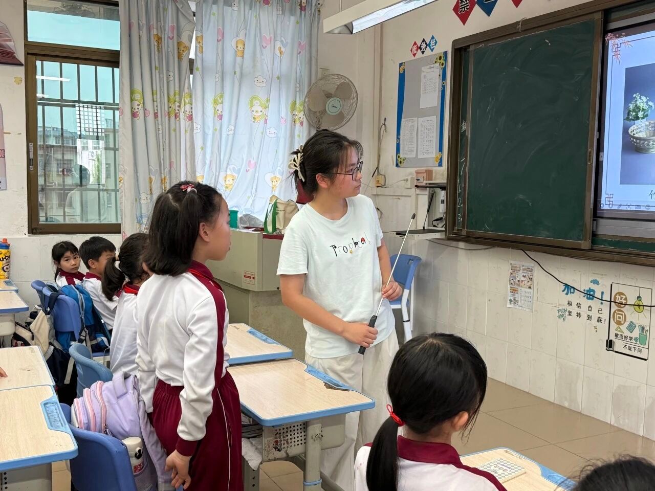 2026年4月7日,春风和煦,广州市从化区流溪小学的教室里迎来了一股清新的文化之风。在语言文字服务团队单涵滪老师的带领下,一场别开生面的非遗课堂在这里展开。本次活动的小老师,是来自2023级汉语言文学专业的卢晴同学。她带领着同学们走进了中国传统手工艺——竹编的奇妙世界,并亲手制作了独一无二的竹编画。
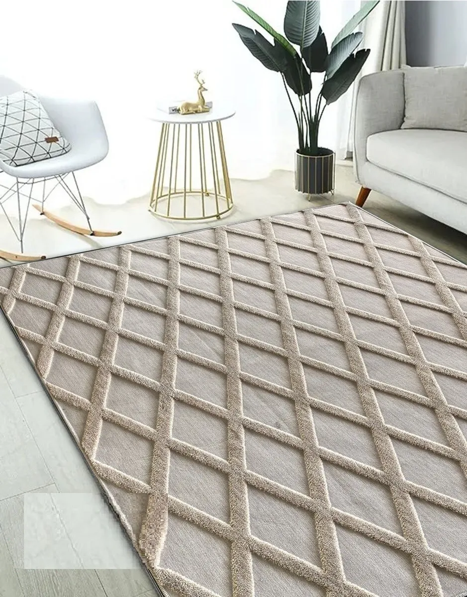 Casadeliacl - Alfombra Jacquard Algodón 160X200 Decorativa Moderna Wym 1.6 M 2 M Trenzado Beige | Lider Electrohogar
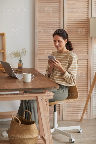 Портрет молодой женщины, работающей дома
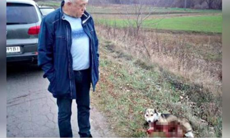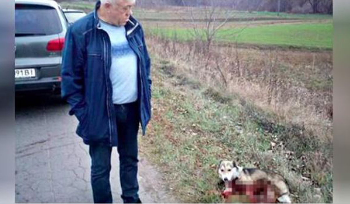 Ukraine official, Volodymyr Baidych, remained emotionless and unapologetic as he stood next to the severely injured dog. He said he was punishing his dog “for biting his mother. He said he was going to drag it to the woods and left it there to die.”
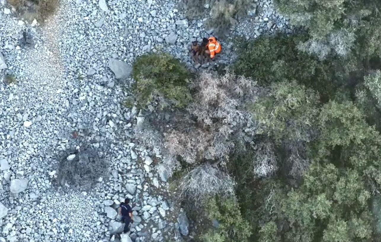 Muğla’nın Milas ilçesi açıklarında alabora olan teknede kurtarılan 6 kişinin ardından kaybolan ve yüzerek ulaştıkları kayalıklara tırmanan 2 çocuğun kurtarılmasına ilişkin dron görüntüleri ortaya çıktı. Görüntülerde, bölgeye ulaşan kurtarma ekibinden bir görevlinin kucağındaki çocuğu kayalıklarda oturan diğer çocuğun yanına oturttuğu, ardından kendisinin de yanlarına oturarak “Evet çocuklar, nasılsınız? İyisiniz değil mi? Biz şimdi alıp ailenize götüreceğiz" dediği anlar yer aldı.
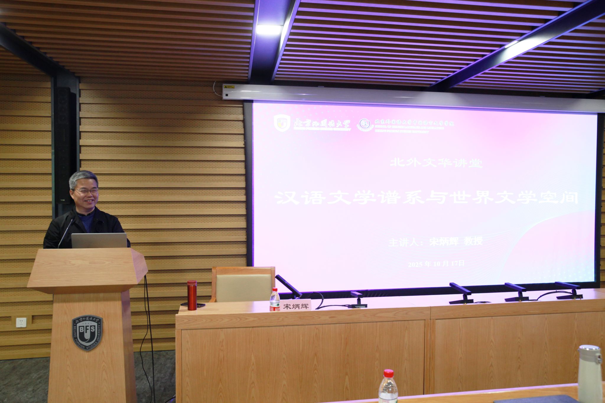 2025年10月17日下午,太阳成集团tyc122cc举办“北外文华讲堂”系列讲座,邀请上海外国语大学文学研究院教授、《中国比较文学》主编、中国比较文学学会副会长宋炳辉教授作题为《汉语文学谱系与世界文学空间》的学术报告。此次讲座由太阳成集团tyc122cc经理何辉教授主持,研究生工作办公室主任罗静以及公司教师代表和员工百余人参加。
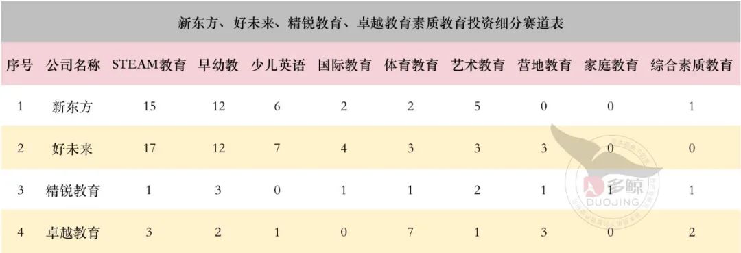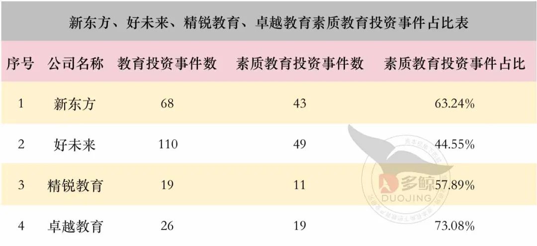 一言以蔽之,从素质教育投资事件占比分析来看,卓越教育素质教育的投资力度最大,新东方次之,精锐教育、好未来力度偏弱。
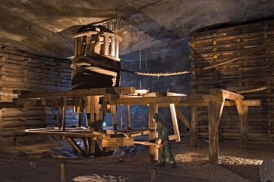Marked out at the 1st, 2nd and 3rd level of the mine through excavations of particular value in terms of history and geology, the sightseeing route offers a journey in time. Subsequent passages and chambers depict the ways in which salt was excavated in the course of centuries. They include, for example, the region of the oldest shaft in which rock salt excavation started in the middle of the 13th century. The participants learn about the various ways of securing the mine.
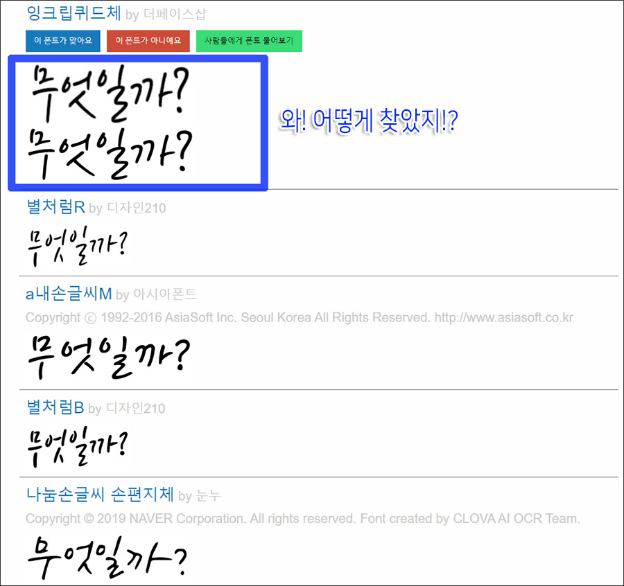 ์ฐ์ธก์ ์ด๋ฏธ์ง ์ธ์ ๊ธฐ๋ฐ์ผ๋ก ๋๊ฐ์ ํฐํธ๋ฅผ ์ฐพ์์ค๋๋ค. ์ค์ ๋ก ์ ๊ฐ ์ฌ์ฉํ ํฐํธ๋ ์ํฌ๋ฆฝํด๋์ฒด ์๊ธ์จ๊ธ๊ผด์ธ๋ฐ... ์ฉ์ผ ์ด๊ฑธ ์ฐพ์๋๋ค์. AI ๊ธฐ์ ์ ์ฌ์ฉํด์ ๊ทธ๋ฐ์ง ๋งค์นญ๋ฅ ์ด ์ ๋ง ๋์ ๊ฒ ๊ฐ์ต๋๋ค. ๋ค์ผ๋ก ์ ์ฌํ ์คํ์ผ์ ๋ค๋ฅธ ๊ธ๊ผด๋ ๋ฝ์๋ณผ ์ ์์ผ๋ ์ผ์์ด์กฐ๊ตฌ์ ^^
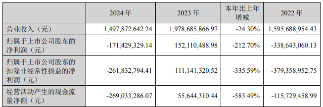 2024年,公司营业收入14.98亿元,同比减少24.30%;归属于上市公司股东的净利润-1.71亿元,上年同期为1.52亿元;归属于上市公司股东的扣除非经常性损益的净利润-2.62亿元,上年同期为1.11亿元;经营活动产生的现金流量净额-2.69亿元,上年同期为5564.43万元。
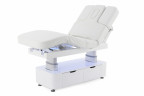 Ложемент разделен на две секции, что делает функционал более широким. Обивка — мягкий винил-люкс с 6-сантиметровым слоем поролона под ним, что делает процедуры более комфортными.
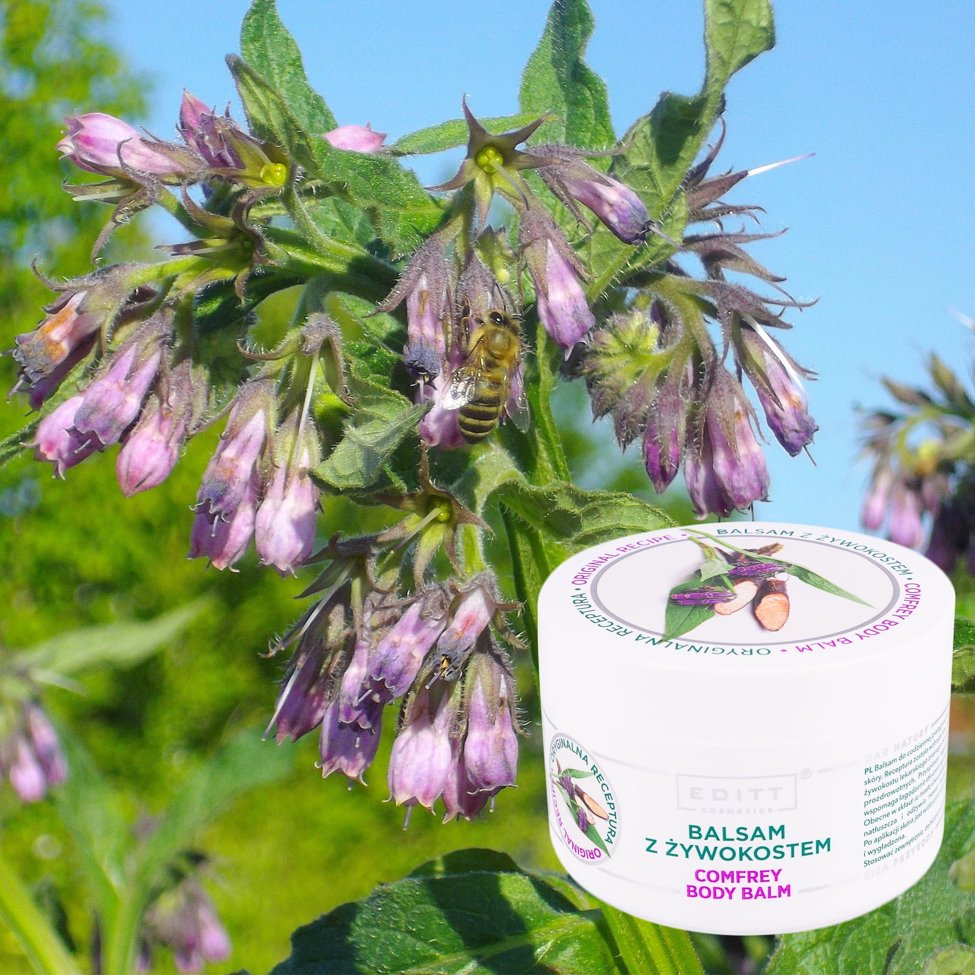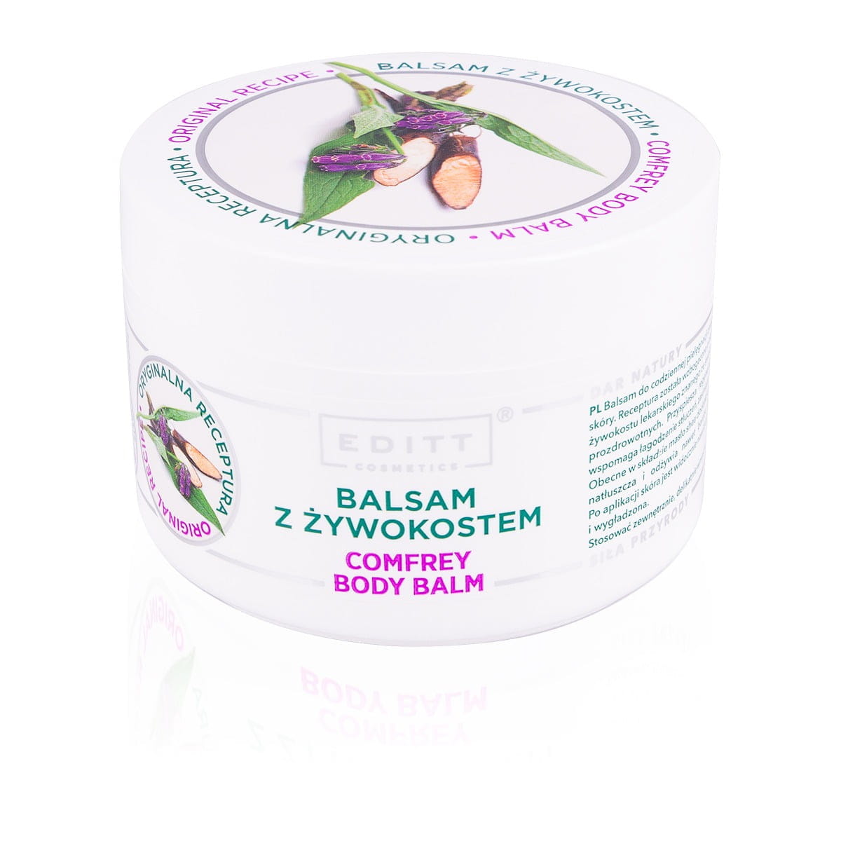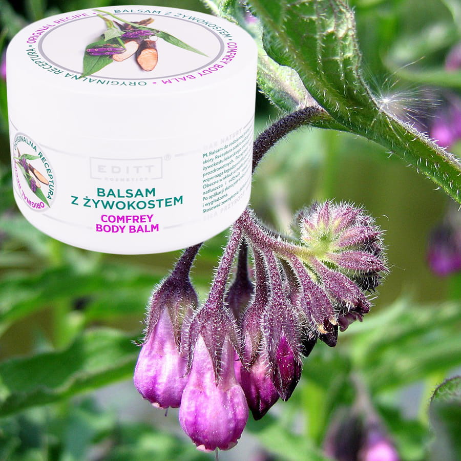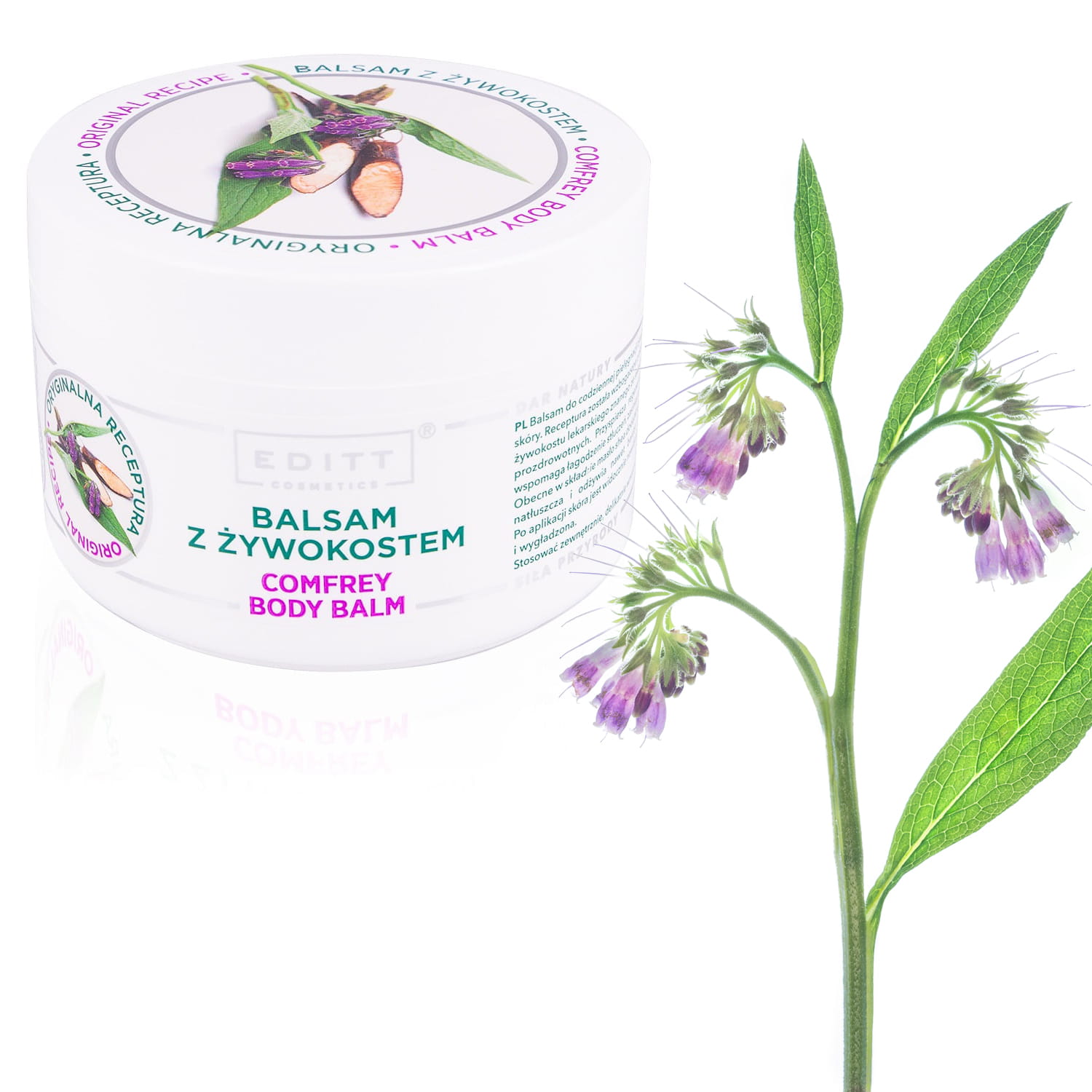 Balsam do codziennej pielęgnacji zmęczonej i suchej skóry 230g. Receptura została wzbogacona o ekstrakt z korzeni żywokostu lekarskiego znanego ze swoich właściwości prozdrowotnych. Przyspiesza regeneracje naskórka, wspomaga łagodzenie stłuczeń, zasinień oraz obrzęków. Obecnie w składzie masło shea dodatkowo pielęgnuje, natłuszcza nawet bardzo suchą skórę. Po aplikacji skóra jest widocznie nawilżona, odżywiona i wygładzona.
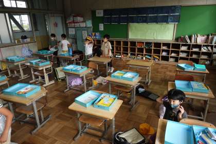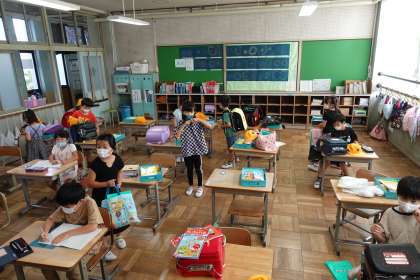 写真は朝の準備をする1年生です。
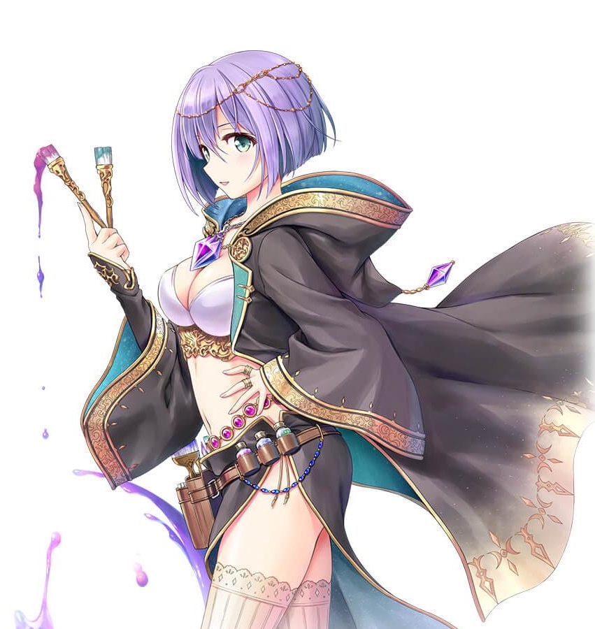 絵に描いたものを具現化させる絵画魔術という特殊な魔法を使う元宮廷画家だが、重度のロリコンで仕事そっちのけで幼女の絵を描いてたせいでクビにされたと語っており、それから大道芸的に流れの絵描きをやってる中で冥王(主人公)にスカウトされたとのこと
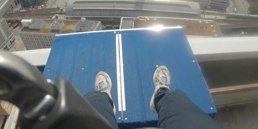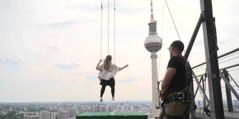 The contraption on top of a hotel next to Berlin's famous TV tower is a novel way to take in the city with a dose of adrenaline thrown in. Once strapped into a harness, customers are propelled forward so that when they are at the high point of the swing, there is nothing between them and the ground 120 metres below.
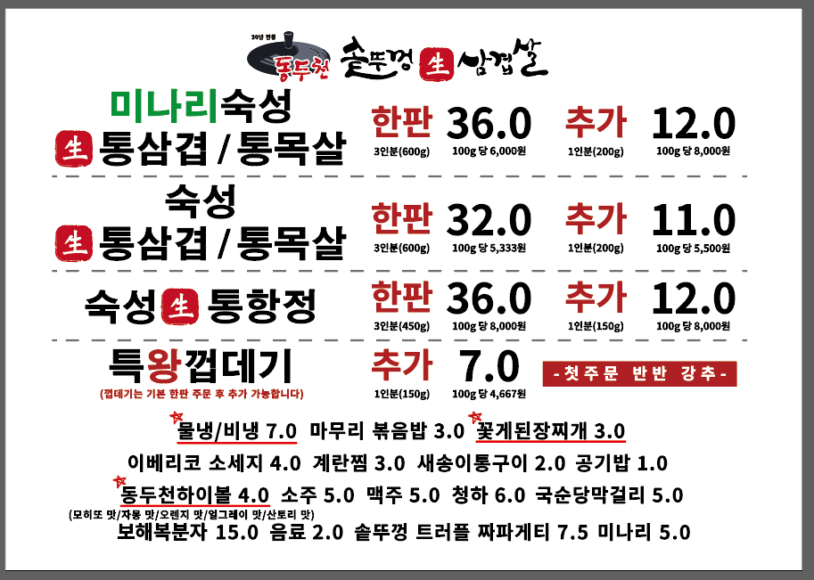 동두천솥뚜껑삼겹살 0 만원

════════════════

### Problem description
Everything above from the line that has "AI ๊ธฐ์ ์ ์ฌ์ฉํด์" down to the line that has "2024年,公司营业收入14" should be output exactly, with both of those lines included. Leave the pictures behind.

### Task answer
 ์ฐ์ธก์ ์ด๋ฏธ์ง ์ธ์ ๊ธฐ๋ฐ์ผ๋ก ๋๊ฐ์ ํฐํธ๋ฅผ ์ฐพ์์ค๋๋ค. ์ค์ ๋ก ์ ๊ฐ ์ฌ์ฉํ ํฐํธ๋ ์ํฌ๋ฆฝํด๋์ฒด ์๊ธ์จ๊ธ๊ผด์ธ๋ฐ... ์ฉ์ผ ์ด๊ฑธ ์ฐพ์๋๋ค์. AI ๊ธฐ์ ์ ์ฌ์ฉํด์ ๊ทธ๋ฐ์ง ๋งค์นญ๋ฅ ์ด ์ ๋ง ๋์ ๊ฒ ๊ฐ์ต๋๋ค. ๋ค์ผ๋ก ์ ์ฌํ ์คํ์ผ์ ๋ค๋ฅธ ๊ธ๊ผด๋ ๋ฝ์๋ณผ ์ ์์ผ๋ ์ผ์์ด์กฐ๊ตฌ์ ^^
 2024年,公司营业收入14.98亿元,同比减少24.30%;归属于上市公司股东的净利润-1.71亿元,上年同期为1.52亿元;归属于上市公司股东的扣除非经常性损益的净利润-2.62亿元,上年同期为1.11亿元;经营活动产生的现金流量净额-2.69亿元,上年同期为5564.43万元。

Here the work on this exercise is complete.